Shortly thereafter, the Maltese, British – supported by Portuguese and later Sicilian and Neapolitan troops – subjected the invaders to desperate hunger and surrender. From there, until 1813, Malta it became a British Protectorate and soon one of Her Majesty's many colonies.
This Anglophone era is still stamped on the archipelago: English is the second language, driving is on the left, telephone booths and mailboxes are red and, the most solemn of all, the Victoria Gate of Valletta, erected in honor of the Queen Victoria and which serves as the main entrance to the city to those who ascend from the bank of Grand Harbour.
In the more than four hundred years that elapsed since its foundation until 1964, when Malta proclaimed its independence, Valletta's reputation was strengthened. The city was endowed with more and more fortifications, cathedrals and churches, baroque palaces, gardens and distinguished manor homes.

Sign of an old business that used to be operational next to Vitoria Gate.
Less than half of these four centuries, the nickname of humility given by the Hospitallers no longer served him well. The Royal Houses of Europe had surrendered to its pomp and splendor. They called her Superbissima (The Proudest).
46 Grand Masters, including three Portuguese
From the French pioneer Jean Parisot Valette to the present day, forty-six Grand Masters of different nationalities, the Knights Hospitaller and the Sovereign Military Order of Malta contributed to this evolution. Three of them were Portuguese. The first, Luís Mendes de Vasconcellos, exercised only six months.
António Manoel de Vilhena and Manuel Pinto da Fonseca had been in charge for a long time. They left their marks on Valletta.
The islet and the fort we passed every morning from Il Gzira were named after the second. It was Manoel de Vilhena who financed the construction of the fort on the island, at the time just called Isolotto.
The fort was completed in 1733. It would be used well into the XNUMXth century, as one of the many vital additions to the defenses of Malta and of Enjoyment assured by the Portuguese Grand Master. But his other legacy gives Valletta even more life.
We go down Triq it-Teatru l-Antik and take a peek at the cozy (only 623 seats) Teatro Manoel, inaugurated in 1732 as Teatro Pubblico. We are delighted to see how it withstood the centuries – and the bombings of World War II – and is considered the third oldest operating theater in Europe and the eldest of the Commonwealth.
After a long walk through Valletta, smoothed from the top of the Sceberras peninsula, we descend to the Waterfront, a leisure area full of terraces overlooking the Grand Harbor where huge cruise ships dock.
The Onerous Work of Manuel Pinto da Fonseca
This section of the Marina de Valletta was developed from 1752 onwards, by the Portuguese Grand Master who followed. Born in Lamego, Manuel Pinto de Fonseca built a church and nineteen warehouses and shops there, now occupied by bars, restaurants and outlets, better known as Pinto Stores.

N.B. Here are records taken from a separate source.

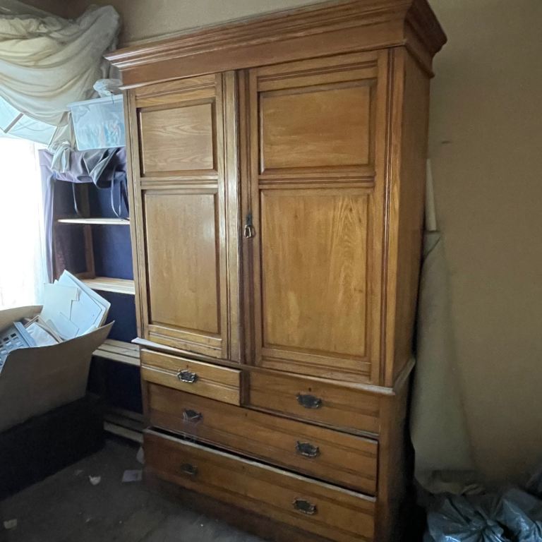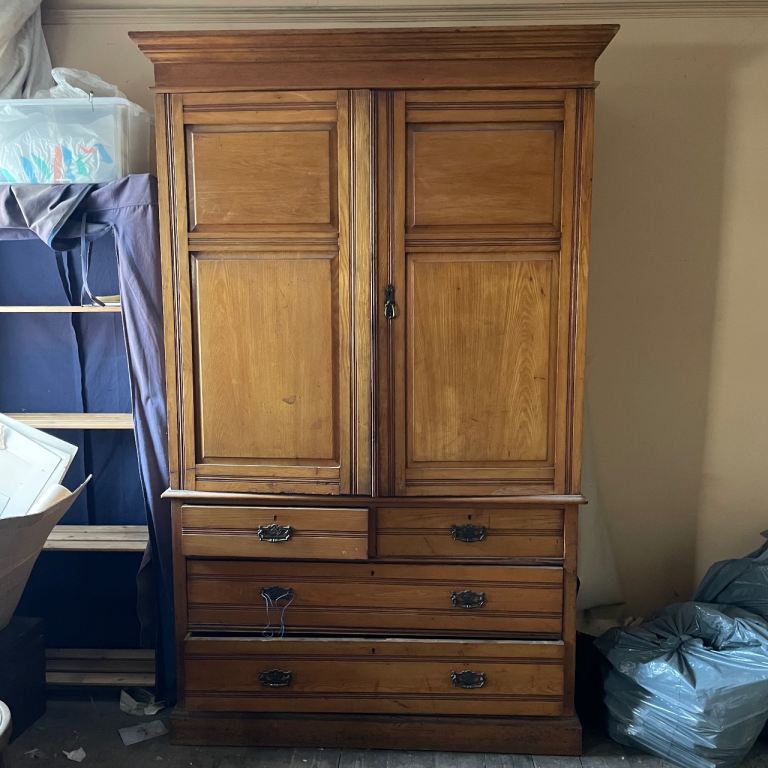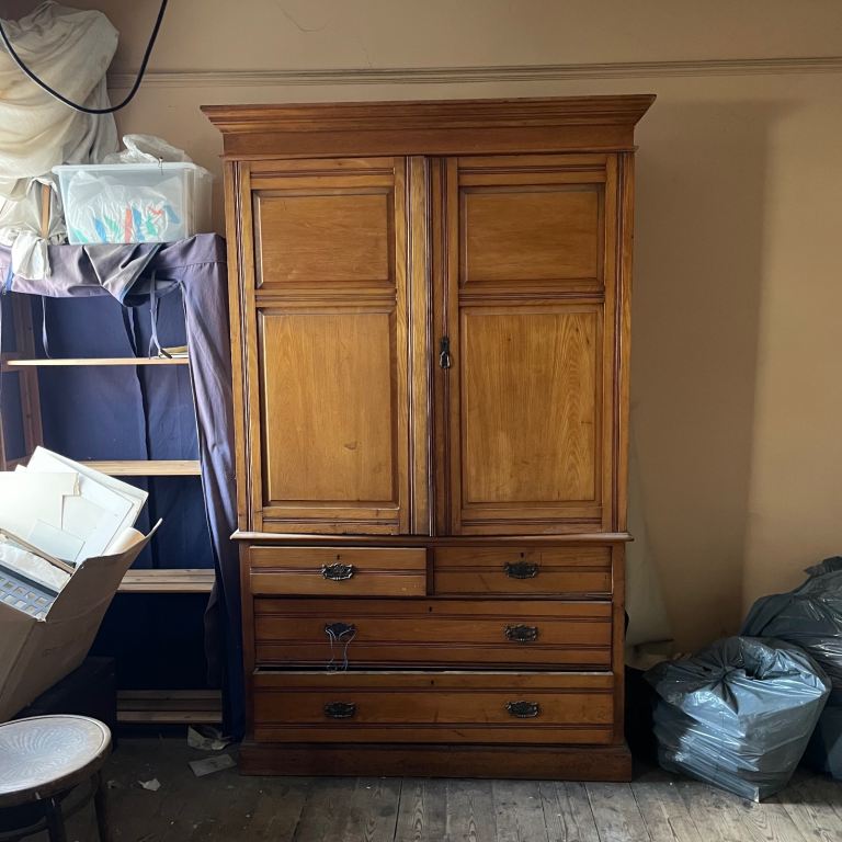 Large Antique linen press by James Shoolbred and Co. Solid Oak 1800’s
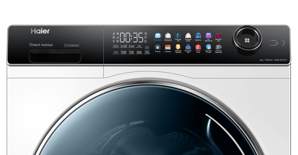 Представляем стиральную машину HW80-B14279 новой серии Color&Touch в белом цвете. Максимальная загрузка данной машины — 8 кг, а отжим — 1400 оборотов.
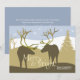 Mude a cor deste cartão de férias da empresa de renas brilhante e feliz para os valores hexadecimais da sua própria empresa! O trabalho de arte branco, verde escuro e azul-cinza nesta placa pode ser alterado para qualquer cor, enquanto os cilindros de folha de ouro têm outros filtros para escolher. Carregue facilmente o seu logotipo de qualquer cor e design esta placa à sua volta. Mensagem branca no verso com qualquer cor de fundo que você escolher.
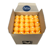 Our short length candle is very useful for your dinner table. It is high enough to cast a warm glow across the table without getting in the way. And with 4 hours burn time, it will burn long enough to accompany any dining event without any problems.
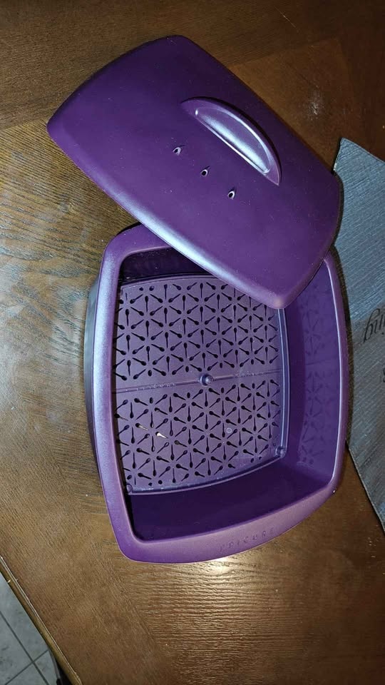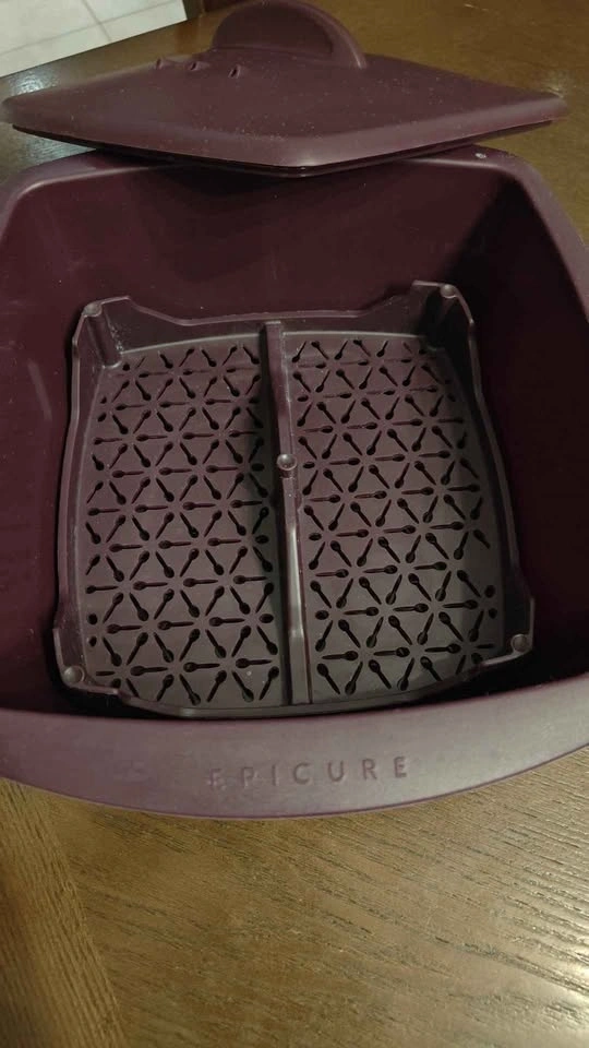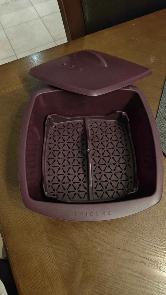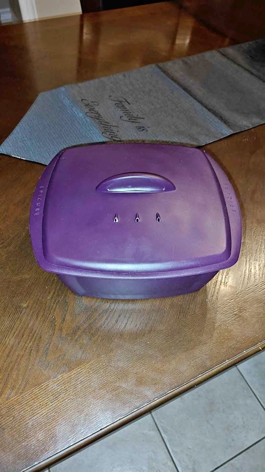 Great Epicure steamer! Purple with a lid and steamer insert. Has holes for steaming and a handle on the lid. Epicure branding on the front.

In synchrony with what was happening in the Portuguese, Spanish and French Empire, Pinto da Fonseca expelled the Jesuits from Malta. It confiscated its properties and converted them into a Pubblica Università di Studi Generali, today, the University of Malta.
Several of these radical measures of his and the life he led on the island – so sumptuous that it generated envy in the noblest families – made him a good number of enemies. The fact that he led the Order of Knights Hospitaller into bankruptcy only added to the list. Pinto died in 1773 at the advanced age of 91 years.

a sailboat undulates in the Marsamxett estuary with St. Paul's Cathedral standing out from the other side of Valletta's houses
It has eternal rest where the most relevant Grand Masters Hospitallers and of Malta, the Co-Cathedral of St. John. Those who, like us, have surrendered to the small but superb Valletta know that its virtue is so great that some stain is right for it.
More information about Valletta on the respective page of UNESCO.